004.02 Scylla and Charybdis

By this way not even any flying thing, not even the tremulous
doves, which carry ambrosia to Zeus the father, can pass through,
65  but every time the sheer rock catches away one even of these;
but the Father then adds another to keep the number right.

No ship of men that came here ever has fled through,
but the waves of the sea and storms of ravening fire carry
away together the ship’s timbers and the men’s bodies.

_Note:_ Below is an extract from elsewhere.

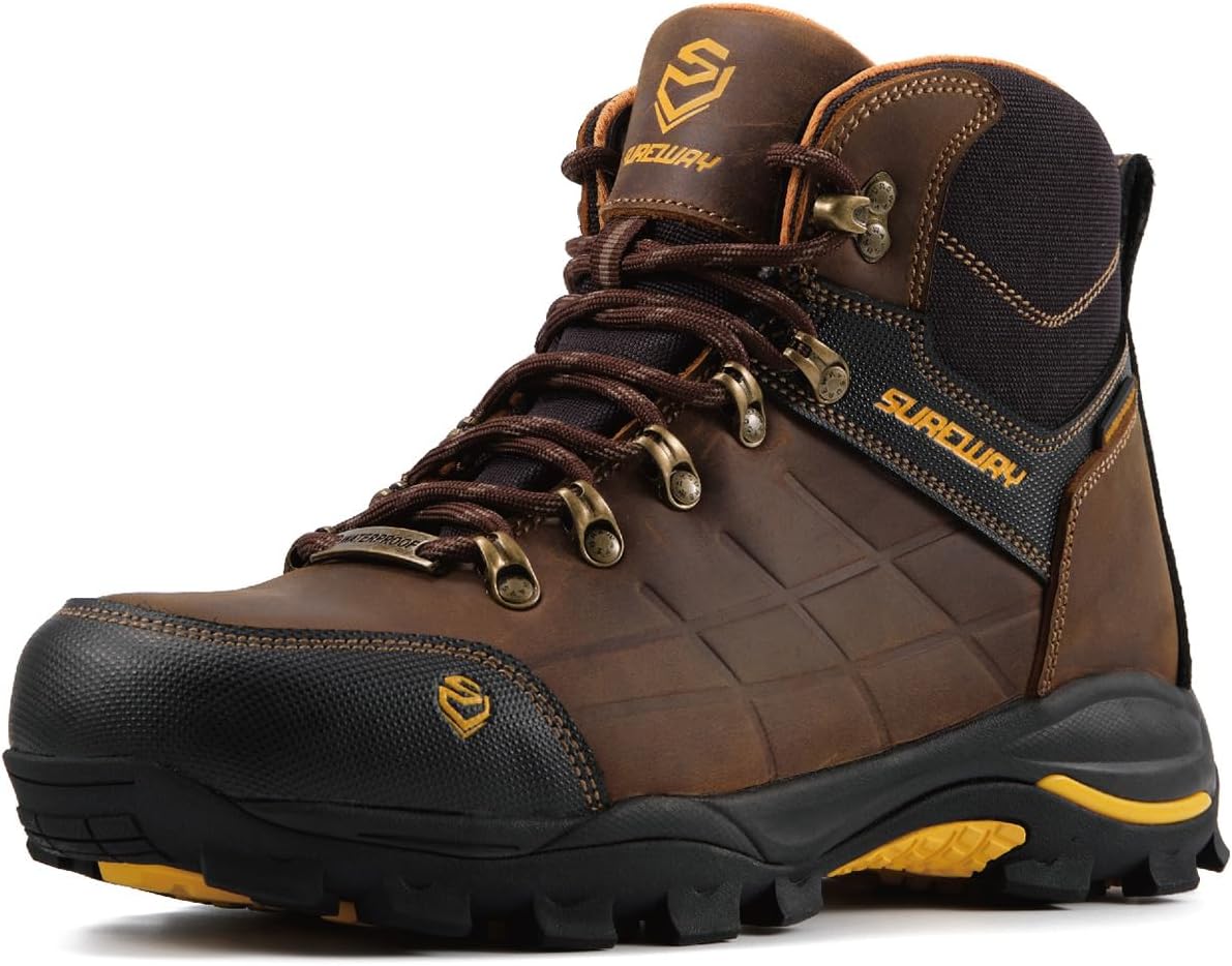 SUREWAY Men's Waterproof Steel/Soft Toe 6" Work Boot, Slip Resistant Leather Ankle Safety Boot for Construction,Roofing & Hunting,Comfort & Durability

That way the only seagoing ship to get through was Argo,
70  who is in all men’s minds, on her way home from Aietes;
and even she would have been driven on the great rocks that time,
but Hera saw her through, out of her great love for Jason.

004.03 Odysseus sails between Scylla and Charybdis

But of the two rocks, one reaches up into the wide heaven
with a pointed peak, and a dark cloud stands always around it,
75  and never at any time draws away from it, nor does the sunlight
ever hold that peak, either in the early or the late summer,
nor could any man who was mortal climb there, or stand mounted
on the summit, not if he had twenty hands and twenty
feet, for the rock goes sheerly up, as if it were polished.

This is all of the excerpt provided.